Supplied data

::::::::

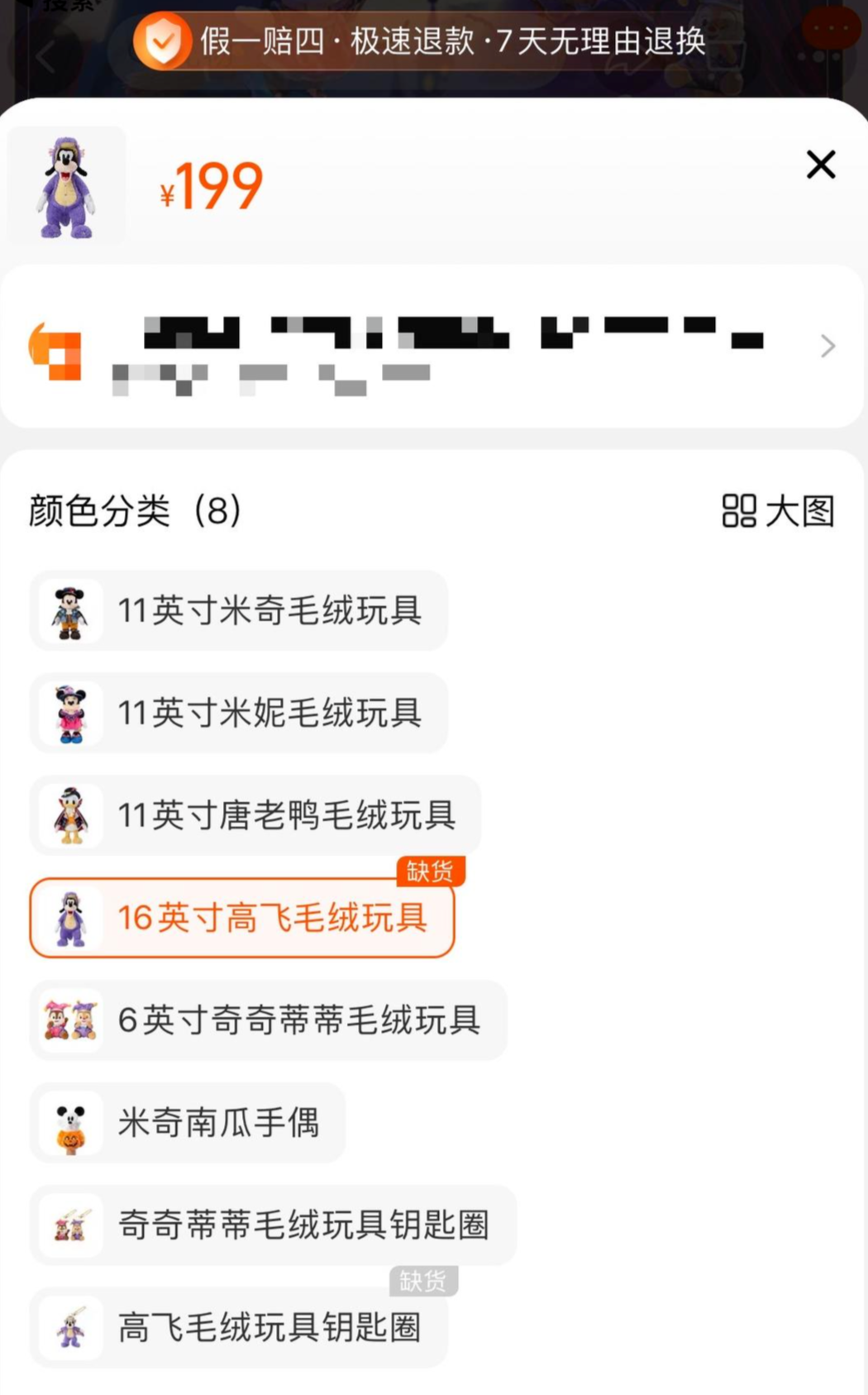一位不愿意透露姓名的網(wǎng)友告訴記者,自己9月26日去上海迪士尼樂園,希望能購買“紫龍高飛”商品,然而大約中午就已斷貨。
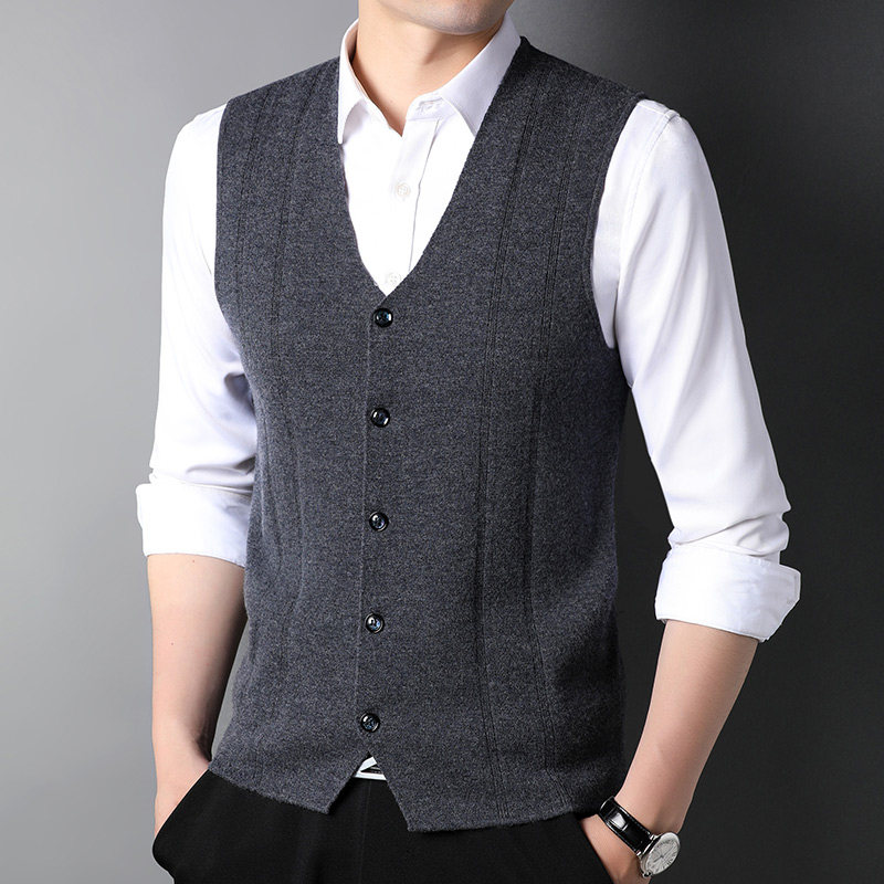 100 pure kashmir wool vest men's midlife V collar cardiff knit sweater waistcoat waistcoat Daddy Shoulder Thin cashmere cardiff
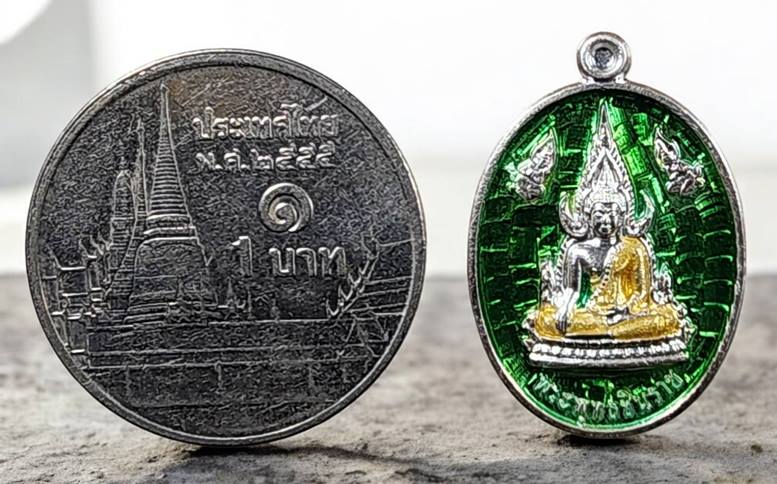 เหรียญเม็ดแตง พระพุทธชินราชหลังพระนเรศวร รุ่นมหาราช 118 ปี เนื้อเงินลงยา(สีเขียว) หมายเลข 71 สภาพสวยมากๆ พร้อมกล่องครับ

::::::::

Task
Print each line from the one containing "100 pure kashmir" through the last line of the listing, both included, exactly and with no pictures.

Response area
 100 pure kashmir wool vest men's midlife V collar cardiff knit sweater waistcoat waistcoat Daddy Shoulder Thin cashmere cardiff
 เหรียญเม็ดแตง พระพุทธชินราชหลังพระนเรศวร รุ่นมหาราช 118 ปี เนื้อเงินลงยา(สีเขียว) หมายเลข 71 สภาพสวยมากๆ พร้อมกล่องครับ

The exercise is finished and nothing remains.